▶ **Task directions**:
Print the lines in the listing below starting at the line with "FENDI Pecan Canvas" and ending at the line with "足回りやフレーム等の降ろされたボディです。 まだ、バンパーやグリルサンズ等は残されていますが、ほぼ裸にされている状態です。 |", both included. Reproduce them exactly and omit every picture.

▶ **Listed records**:
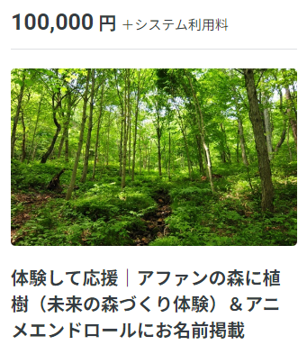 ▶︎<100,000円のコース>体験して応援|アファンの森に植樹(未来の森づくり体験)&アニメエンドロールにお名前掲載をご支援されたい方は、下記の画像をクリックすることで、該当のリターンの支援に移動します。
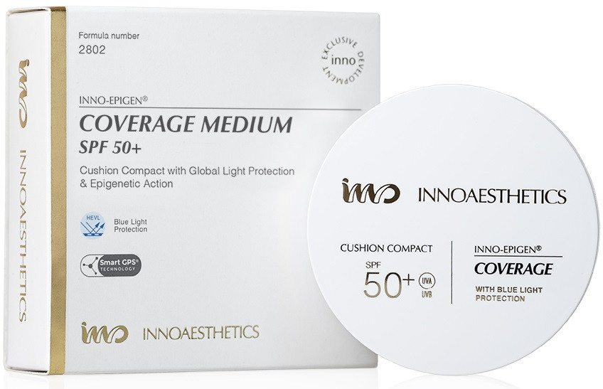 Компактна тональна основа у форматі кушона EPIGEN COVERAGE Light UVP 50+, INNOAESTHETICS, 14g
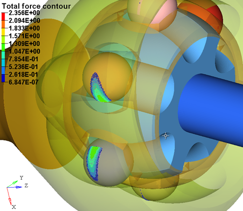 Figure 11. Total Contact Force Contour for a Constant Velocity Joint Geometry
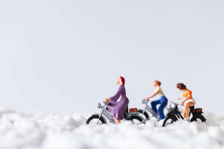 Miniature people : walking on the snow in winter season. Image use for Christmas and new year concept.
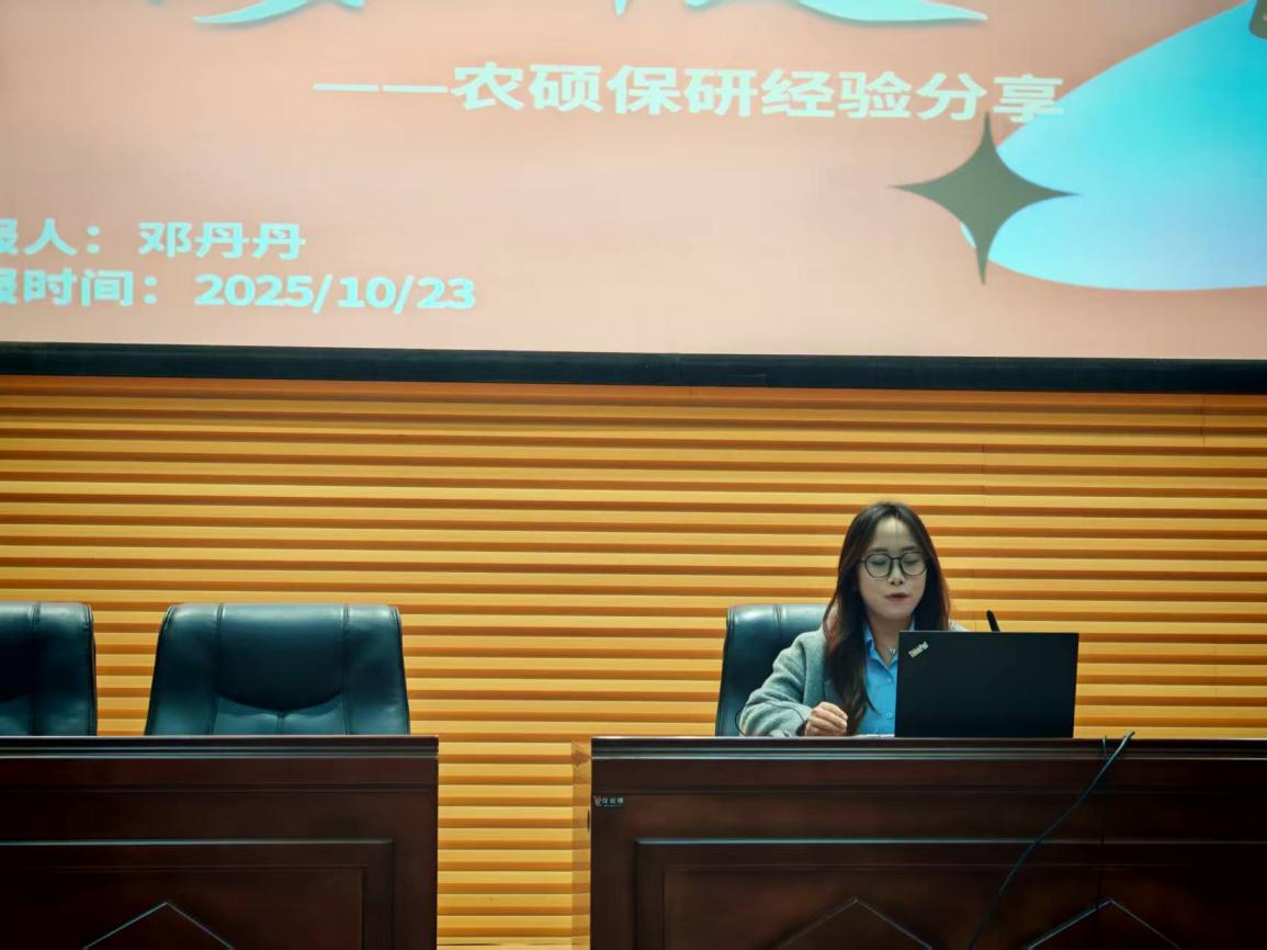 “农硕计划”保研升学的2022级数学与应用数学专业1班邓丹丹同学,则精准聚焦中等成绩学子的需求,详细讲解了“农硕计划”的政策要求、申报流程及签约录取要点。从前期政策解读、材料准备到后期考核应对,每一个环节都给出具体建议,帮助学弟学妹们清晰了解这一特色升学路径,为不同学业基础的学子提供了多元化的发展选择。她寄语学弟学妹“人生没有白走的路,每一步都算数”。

--

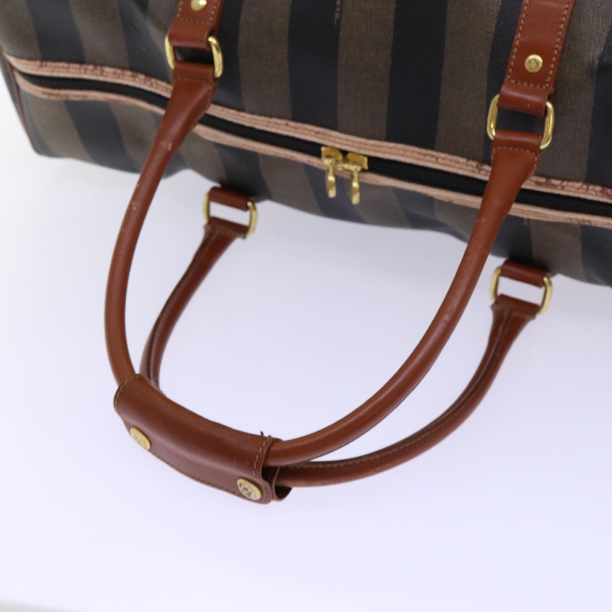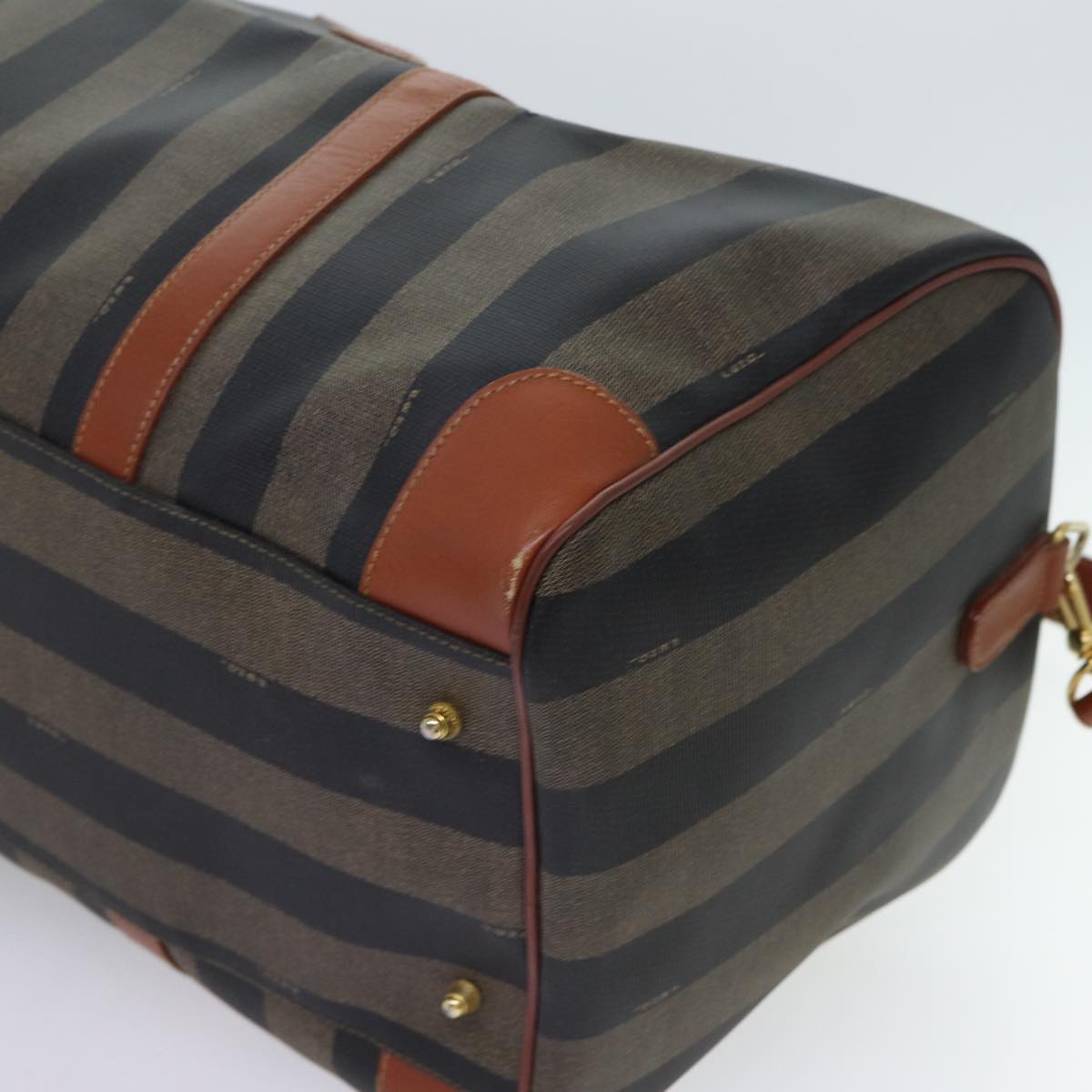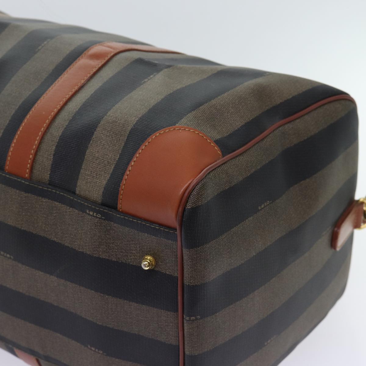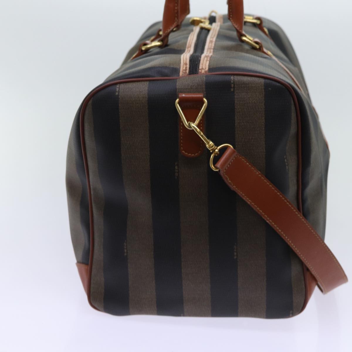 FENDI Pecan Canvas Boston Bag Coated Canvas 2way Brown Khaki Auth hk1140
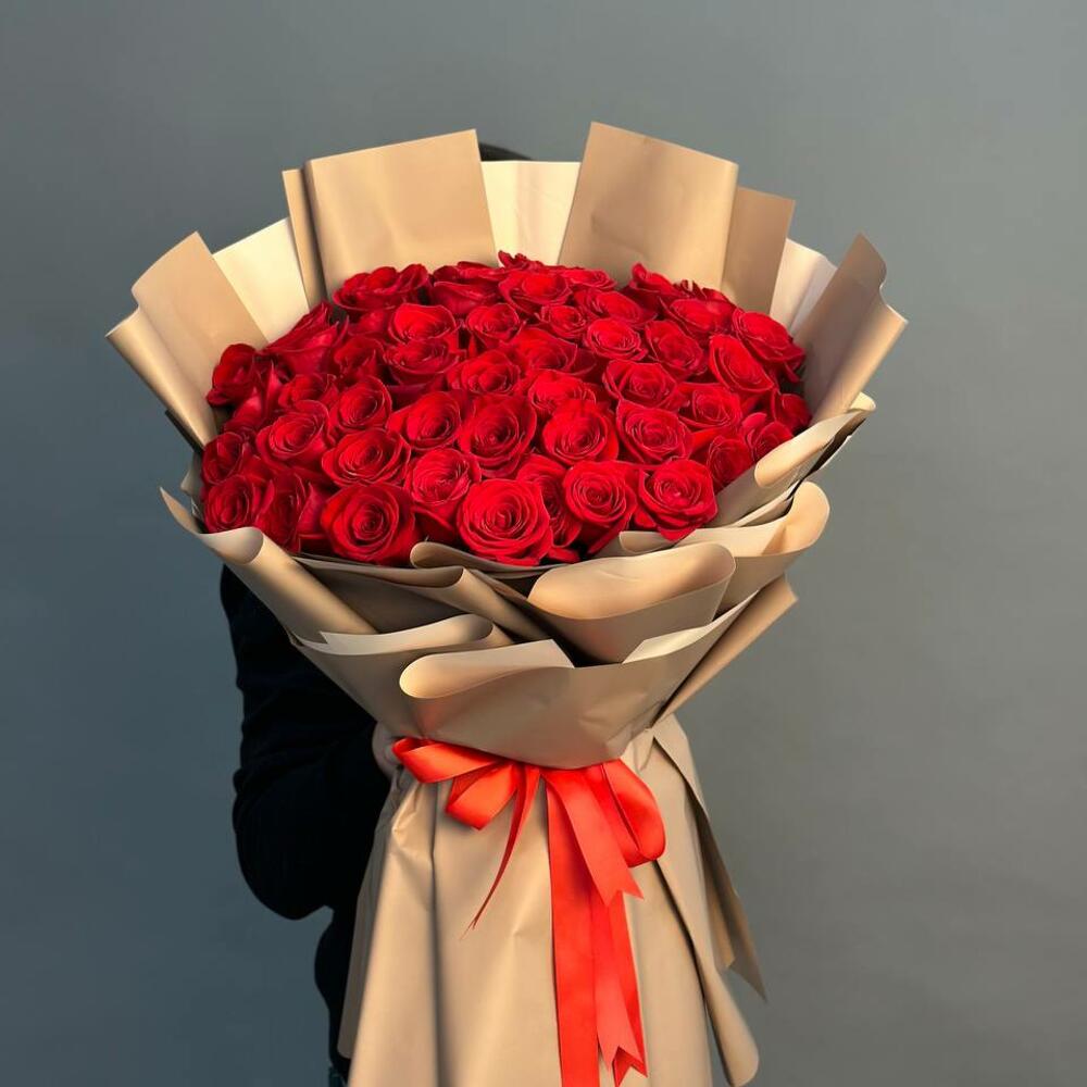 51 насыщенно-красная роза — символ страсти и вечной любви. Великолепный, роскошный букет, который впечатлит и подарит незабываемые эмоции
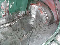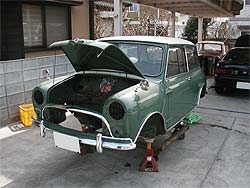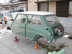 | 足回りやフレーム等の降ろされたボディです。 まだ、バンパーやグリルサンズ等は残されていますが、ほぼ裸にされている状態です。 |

▶ **Task response**:
 FENDI Pecan Canvas Boston Bag Coated Canvas 2way Brown Khaki Auth hk1140
 51 насыщенно-красная роза — символ страсти и вечной любви. Великолепный, роскошный букет, который впечатлит и подарит незабываемые эмоции
 | 足回りやフレーム等の降ろされたボディです。 まだ、バンパーやグリルサンズ等は残されていますが、ほぼ裸にされている状態です。 |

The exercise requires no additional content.